Is it a feeling? Is it a commitment? Is it supposed to last forever???
I believe everyone who has experienced love, has their own answer to these questions.
Wikipedia on Love:
Love is any of a number of emotions and experiences related to a sense of strong affection. The word love can refer to a variety of different feelings, states, and attitudes, ranging from generic pleasure (“I loved that meal”) to intense interpersonal attraction (“I love my girlfriend”). This diversity of meanings, combined with the complexity of the feelings involved, makes love unusually difficult to consistently define, even compared to other emotional states. http://en.wikipedia.org/wiki/Love
One thing is for sure, Love is an deep uncontrollable emotion.
In the context that will explore it during this post is the love you have for a girlfriend, wife, or fiance and how it relates to the Wedding Industry.
TV does a terrible job at portraying weddings as Love events.
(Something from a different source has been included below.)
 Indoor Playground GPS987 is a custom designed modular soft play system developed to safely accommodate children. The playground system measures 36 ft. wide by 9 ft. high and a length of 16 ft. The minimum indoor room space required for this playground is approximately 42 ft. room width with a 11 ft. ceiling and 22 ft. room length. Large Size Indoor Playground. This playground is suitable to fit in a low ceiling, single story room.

They portray weddings as money sucking, bad attitude getting, stressful, bad service oriented, bridezilla, negative events. But then again, they need drama to attract viewers.
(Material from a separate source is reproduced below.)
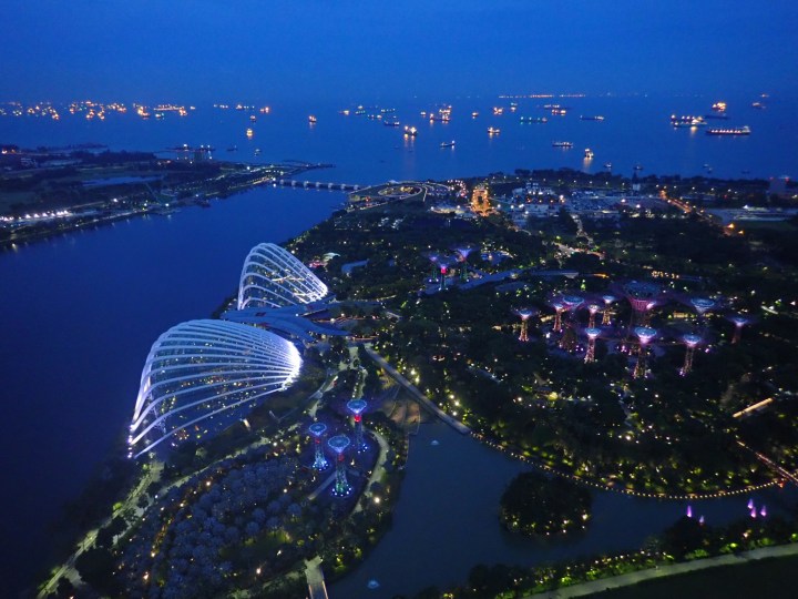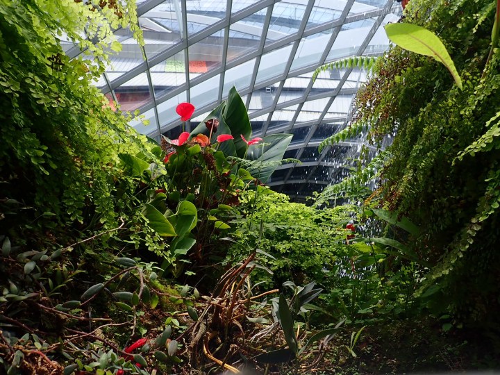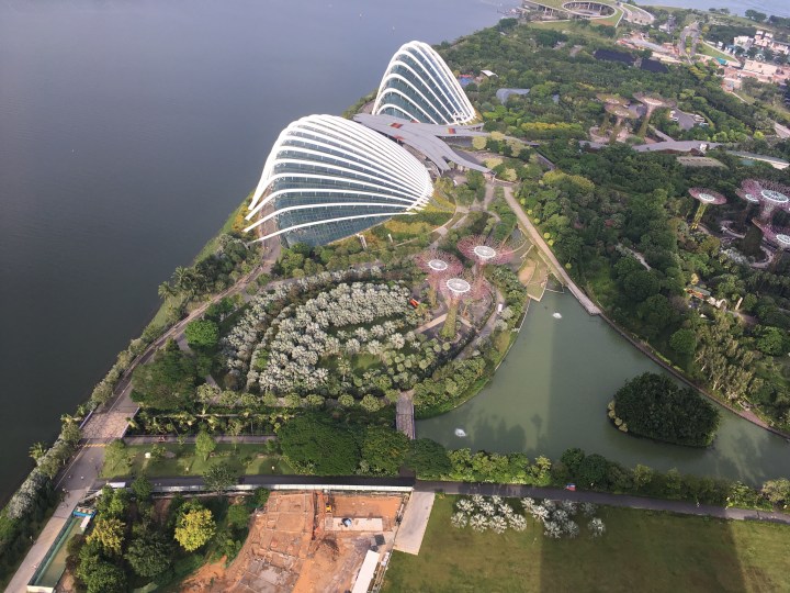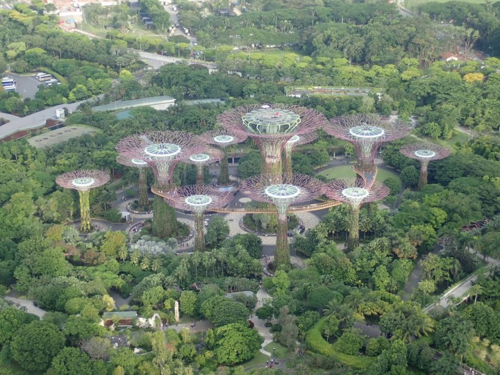 Von „Little India“ begaben wir uns per Metro zu den „Gardens by the Bay“. Dieses Viertel liegt direkt neben dem Bankenviertel und ist wie ein grosses Naherholungsgebiet rund um die neueren Wahrzeichen von Singapore (Marina Bay Sands mit Schiff auf dem Dach, künstliche Riesenbäume). Nach einem längeren Spaziergang quer durch das Naherholungsgebiet. Gingen wir uns den „Cloudforest“ und den „Flowerdome“ anschauen. Beides sind grosse Kuppen in den Blumen und Kakteengärten angelegt sind. Josephine war der Meinung, dass das Gebilde im „Cloudforest“ wohl früher ein Parkhaus war (mehr dazu dann in Josephines Videoblog #3).

And the term Bridezilla, that’s also another negative word that gets passed around from vendor to vendor. Most of the time, if you listen closely to the vendor telling a story about a bridezilla, you can tell that the bride was not happy with his service.
To me a bridezilla is bride who did not get what she paid for or what she expected. The wedding vendor did not meet her needs or expectations.
How can you do a wedding with that type of mentality week after week? After a while, I’m sure it’s so repetitive for some of these vendors, that they begin to forget that weddings are a celebration of a couple’s Love for each other.
I’m not saying that wedding vendors should let their hand be bent so far back that it breaks, but if something is misunderstood, or there is some kind of mis-communication between the bride and the vendor. Then things need to be explained in an apologetic, kind manner. Not in the, you-should’ve-known-matter-of-fact tone that a lot of vendors use. There are vendors that actually get mad and upset because their brides don’t understand exactly what they are paying for. It happens all the time. Who’s fault is it that the bride does not understand what she is paying for and what she needs to pay additional for?
In order to help brides celebrate their Love, their special day, the day they will remember for the rest of their lives, wedding vendors must, first love their brides and their families. It’s annoying to hear other DJ’s or other wedding vendors call their passionate brides; brideszillas, B-word brides, terrible headaches, etc… They are emotional human beings who want and expect the best, the day of their wedding.
If you, the bride, don’t feel loved, respected, or appreciated from your wedding vendor, you should demand it and expect it. You shouldn’t have to ask for it because a real wedding professional knows and understands that good customer service means to love your customer and to be of service to your customers.